To estimate the 95% confidences interval around an absolute policy effect {EST(outcome_with) – EST(outcome_without)}, we can use {EST(outcome_with) – EST(outcome_without)} ±1.96*Standard Error of {EST(outcome_with) – EST(outcome_without)}, where {EST(outcome_with) – EST(outcome_without)} can be the absolute level change, the absolute trend change, or the absolute overall policy impact at a specific point in time.

The construction of confidence intervals for relative change in this context requires statistical approximation, for which we propose two methods. The multivariate delta method [17] is very useful when exact calculation of confidence intervals is numerically impossible. It offers a solution based on Taylor's approximation for the variance of the relative effect using existing parameter estimates and the variance/covariance matrix from standard statistical software such as SAS [15] or R [18]. The generic formulas for the expectation and variance of the relative change produced by this method are in the appendix.

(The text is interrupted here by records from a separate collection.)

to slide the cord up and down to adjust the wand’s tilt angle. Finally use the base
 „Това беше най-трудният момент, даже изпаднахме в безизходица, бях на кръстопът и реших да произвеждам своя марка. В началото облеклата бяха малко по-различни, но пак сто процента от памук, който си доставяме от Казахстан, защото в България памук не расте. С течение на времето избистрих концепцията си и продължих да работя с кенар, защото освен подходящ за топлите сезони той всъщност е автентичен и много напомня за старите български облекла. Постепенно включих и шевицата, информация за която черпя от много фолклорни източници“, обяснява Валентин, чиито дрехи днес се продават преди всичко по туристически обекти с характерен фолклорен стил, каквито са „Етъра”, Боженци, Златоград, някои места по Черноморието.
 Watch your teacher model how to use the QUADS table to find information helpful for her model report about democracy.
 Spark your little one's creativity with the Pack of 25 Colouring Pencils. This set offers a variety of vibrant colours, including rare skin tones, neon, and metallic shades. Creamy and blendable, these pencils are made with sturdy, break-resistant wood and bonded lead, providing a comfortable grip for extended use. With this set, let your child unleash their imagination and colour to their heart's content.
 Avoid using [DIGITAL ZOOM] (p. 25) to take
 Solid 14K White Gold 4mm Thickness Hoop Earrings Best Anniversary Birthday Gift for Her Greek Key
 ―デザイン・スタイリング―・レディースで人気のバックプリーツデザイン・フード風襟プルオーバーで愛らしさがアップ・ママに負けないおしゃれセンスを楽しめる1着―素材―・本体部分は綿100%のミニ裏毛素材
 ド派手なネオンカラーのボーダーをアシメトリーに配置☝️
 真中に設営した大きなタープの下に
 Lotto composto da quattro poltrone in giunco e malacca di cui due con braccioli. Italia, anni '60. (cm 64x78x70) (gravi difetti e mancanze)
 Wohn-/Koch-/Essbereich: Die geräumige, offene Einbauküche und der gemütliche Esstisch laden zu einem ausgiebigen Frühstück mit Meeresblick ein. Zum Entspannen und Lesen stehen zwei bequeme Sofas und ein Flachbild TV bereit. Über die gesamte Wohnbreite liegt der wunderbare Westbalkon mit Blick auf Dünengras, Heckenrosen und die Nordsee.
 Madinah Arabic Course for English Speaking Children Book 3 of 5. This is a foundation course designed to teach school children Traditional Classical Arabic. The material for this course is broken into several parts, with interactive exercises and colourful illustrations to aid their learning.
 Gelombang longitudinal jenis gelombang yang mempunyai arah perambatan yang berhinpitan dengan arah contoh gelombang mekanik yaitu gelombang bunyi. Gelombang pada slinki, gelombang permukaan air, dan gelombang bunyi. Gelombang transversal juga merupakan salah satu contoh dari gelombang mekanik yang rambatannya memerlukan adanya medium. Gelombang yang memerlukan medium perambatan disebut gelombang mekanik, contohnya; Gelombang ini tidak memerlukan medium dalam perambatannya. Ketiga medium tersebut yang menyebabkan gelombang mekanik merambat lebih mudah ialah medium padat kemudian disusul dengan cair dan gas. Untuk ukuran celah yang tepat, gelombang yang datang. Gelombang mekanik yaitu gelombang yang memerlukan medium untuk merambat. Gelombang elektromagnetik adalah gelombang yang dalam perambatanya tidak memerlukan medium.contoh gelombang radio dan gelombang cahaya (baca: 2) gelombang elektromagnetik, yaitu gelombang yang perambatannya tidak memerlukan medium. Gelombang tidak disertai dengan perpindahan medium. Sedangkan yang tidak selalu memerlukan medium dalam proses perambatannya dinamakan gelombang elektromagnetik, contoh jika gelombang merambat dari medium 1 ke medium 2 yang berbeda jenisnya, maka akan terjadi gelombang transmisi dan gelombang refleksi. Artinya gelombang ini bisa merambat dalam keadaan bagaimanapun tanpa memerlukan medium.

The delta method works well when the sample size is adequate to ensure reasonable normal approximation of the MLEs, a requirement that may not always be met. We propose to use the bootstrapping method [19] to construct confidence interval to compare with those produced by the delta method. Three steps are required in the bootstrapping process: 1) derive all estimates from the regression model, including mean parameter estimates, variances and autocorrelation estimates; 2) simulate data based on these estimates with normally distributed error a large number of times (in this case B=10,000); 3) obtain the bootstrap estimates for the parameters of interest from each simulation and use the 2.5 and 97.5 percentiles of these estimates to construct the 95% confidence interval. Bootstrapping methods can be applied to construct confidence intervals around both absolute and relative changes.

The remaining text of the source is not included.